What is expected: The result should be an exact copy of only the lines from the one with "9月13日,量院的夜空下,璀" through the last line of the data below, with pictures omitted.

Records excerpted from a collection:
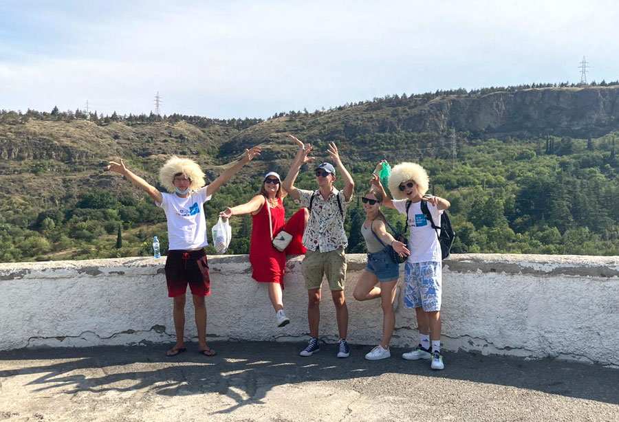 Kristers Kalējs (pirmais no kreisās) ar Latvijas grupu Gruzijā «Erasmus+» projektā. Foto no personiskā arhīva.
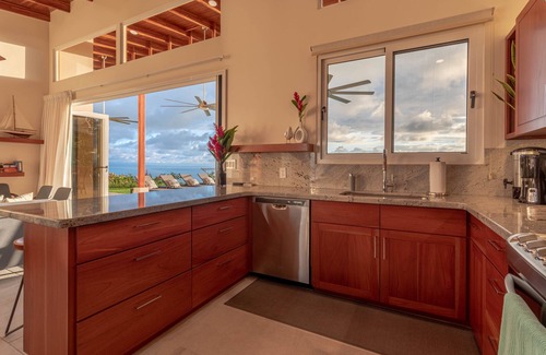 Fire up the BBQ and dine under the stars, or let a private chef craft a locally inspired gourmet dinner to celebrate a special occasion. The fully stocked kitchen features high-end appliances, quality cookware, and a large island with bar seating—perfect for casual meals or cocktails.
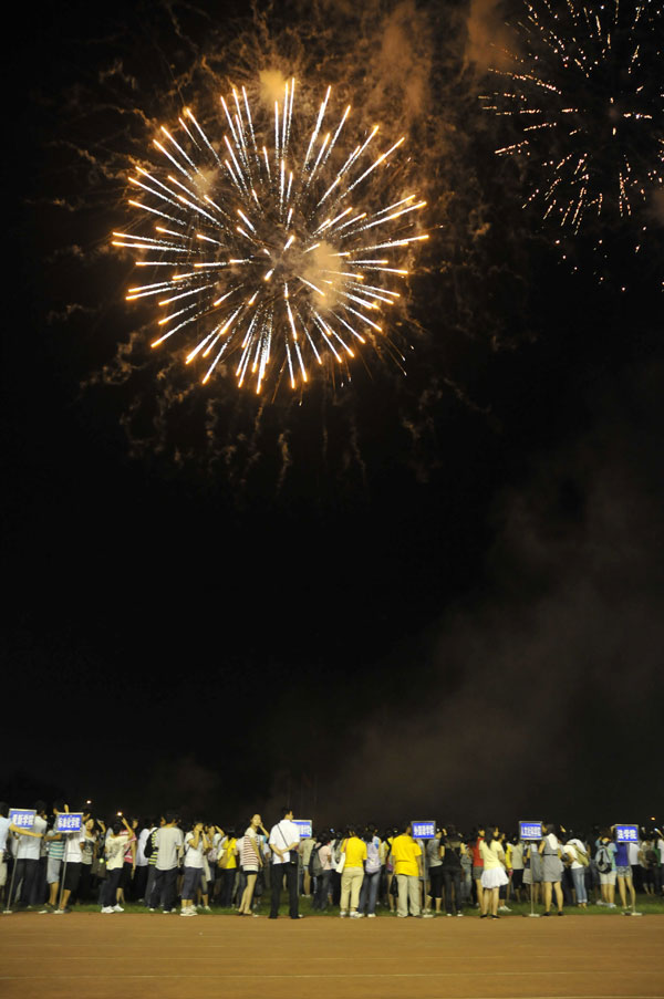 9月13日,量院的夜空下,璀璨的煙花映襯著一張張年輕的笑臉,他們將開啟人生又一個嶄新的夢想之旅。我校2010級新生開學典禮在北田徑場隆重舉行。學校全體黨政領導出席大會,并親自為新生代表配戴校徽,與全體新生共同見證這難忘的一刻。
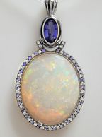This piece was custom made using Tanzanite and an Ethiopian Opal surrounded by Diamonds and set in 14kt white gold.
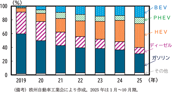 EU域内の新車登録台数の内訳をみると、2024年にはHEV、PHEV、BEVの販売シェアが、ガソリン車とディーゼル車を抜いて過半を占める状態となり、さらに2025年には新車の4台に1台がPHEV、BEVとなった(図1)。
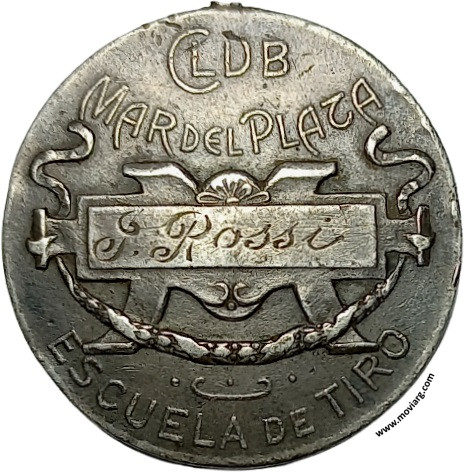 Anverso: VOLUNTAD Y FUERZA. Firma: C. Y AF. ROSSI Reverso: CLUB / MAR DEL PLATA / ESCUELA DE TIRO / [ J. ROSSI ] Canto: Liso. PLATA Referencia: | |

Task solution:
 9月13日,量院的夜空下,璀璨的煙花映襯著一張張年輕的笑臉,他們將開啟人生又一個嶄新的夢想之旅。我校2010級新生開學典禮在北田徑場隆重舉行。學校全體黨政領導出席大會,并親自為新生代表配戴校徽,與全體新生共同見證這難忘的一刻。
This piece was custom made using Tanzanite and an Ethiopian Opal surrounded by Diamonds and set in 14kt white gold.
 EU域内の新車登録台数の内訳をみると、2024年にはHEV、PHEV、BEVの販売シェアが、ガソリン車とディーゼル車を抜いて過半を占める状態となり、さらに2025年には新車の4台に1台がPHEV、BEVとなった(図1)。
 Anverso: VOLUNTAD Y FUERZA. Firma: C. Y AF. ROSSI Reverso: CLUB / MAR DEL PLATA / ESCUELA DE TIRO / [ J. ROSSI ] Canto: Liso. PLATA Referencia: | |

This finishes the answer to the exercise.